* **Exercise requirements**: Everything from the line that contains "Ce meuble de" to the final line of the data, both ends included, must be set down exactly, apart from the pictures.

* **Collected material**:

┄┄┄┄┄┄┄┄┄┄

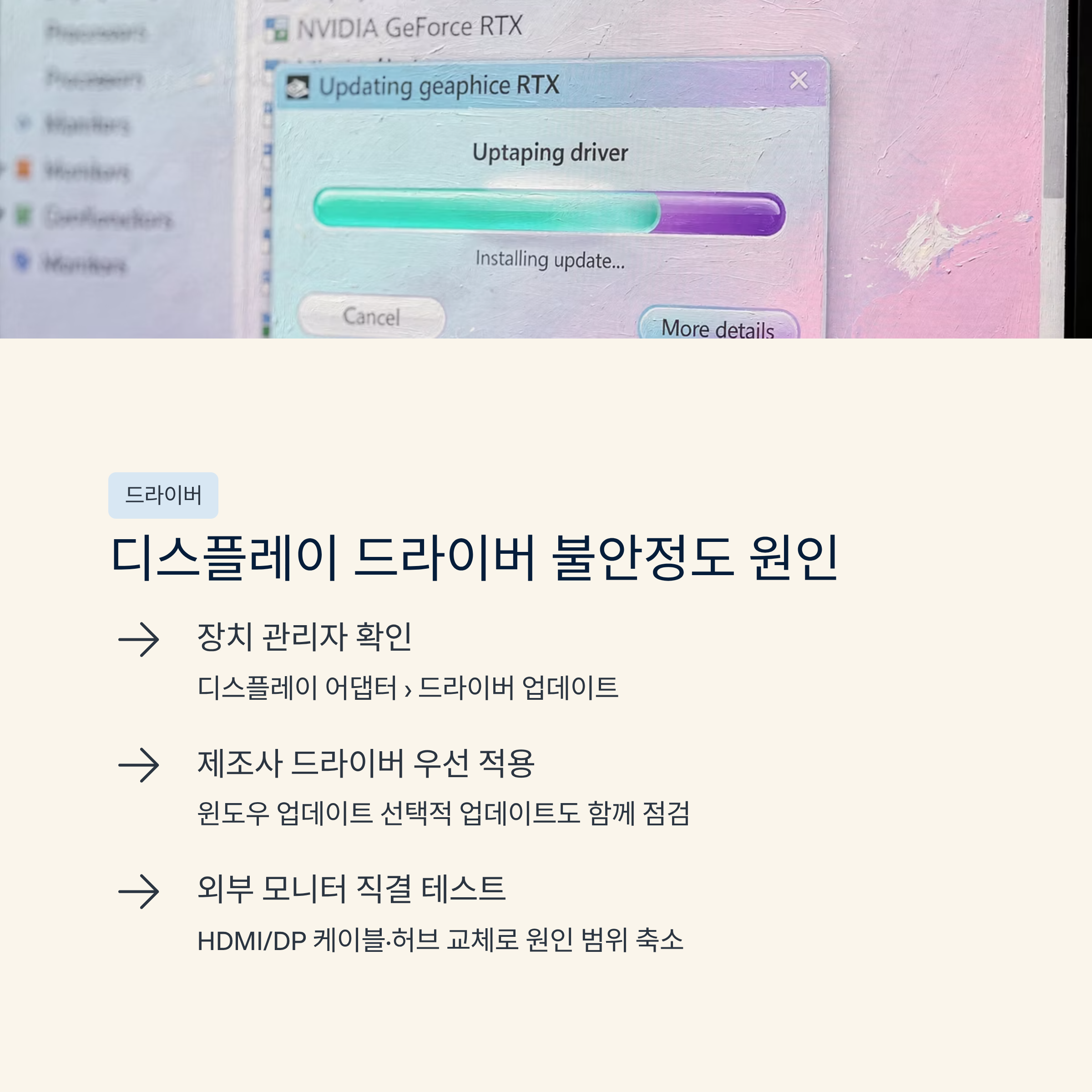 이럴 때는 디스플레이 어댑터 드라이버와 업데이트 상태를 같이 보는 게 좋아요.
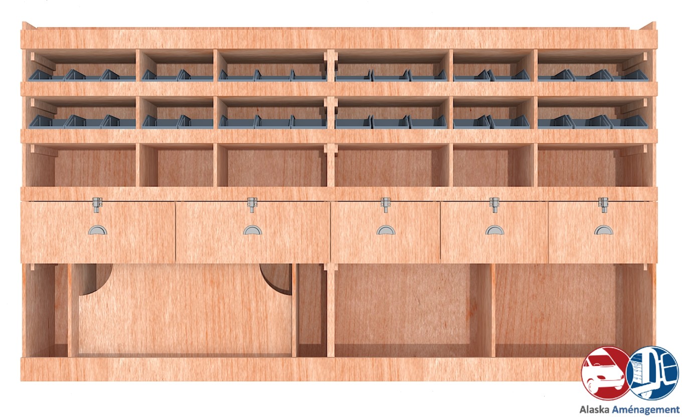 Ce meuble de rangement KRG004-N (pour le latéral « Gauche » de votre véhicule) offre une solution polyvalente et fonctionnelle avec six niveaux de stockage. Il comprend des étagères pour bacs à bec, une rangée de tiroirs. Une étagère supérieure est conçue pour les objets longs. Son fond arrière intégré assure la rigidité et protège la carrosserie du véhicule, évitant un habillage supplémentaire. Le meuble est disponible en contreplaqué brut ou filmé.
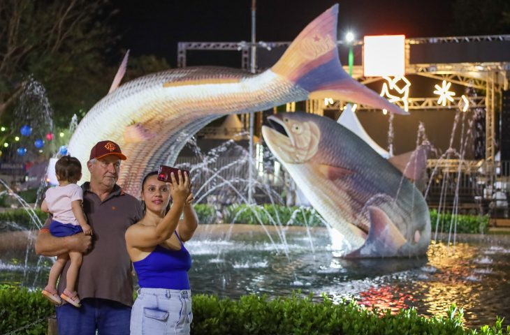 “Ah, é tudo muito lindo! Eu acho que superou todas as expectativas, esse ano. Está muito lindo mesmo! Esse trabalho, nossa, eu achei muito bonito o trabalho artístico, a decoração”, contou a bonitense. Ela admirou com os filhos as esculturas sustentáveis com formas de animais do Pantanal: tuiuiú, onça e um peixe.

┄┄┄┄┄┄┄┄┄┄

* **Response to this exercise**:
 Ce meuble de rangement KRG004-N (pour le latéral « Gauche » de votre véhicule) offre une solution polyvalente et fonctionnelle avec six niveaux de stockage. Il comprend des étagères pour bacs à bec, une rangée de tiroirs. Une étagère supérieure est conçue pour les objets longs. Son fond arrière intégré assure la rigidité et protège la carrosserie du véhicule, évitant un habillage supplémentaire. Le meuble est disponible en contreplaqué brut ou filmé.
 “Ah, é tudo muito lindo! Eu acho que superou todas as expectativas, esse ano. Está muito lindo mesmo! Esse trabalho, nossa, eu achei muito bonito o trabalho artístico, a decoração”, contou a bonitense. Ela admirou com os filhos as esculturas sustentáveis com formas de animais do Pantanal: tuiuiú, onça e um peixe.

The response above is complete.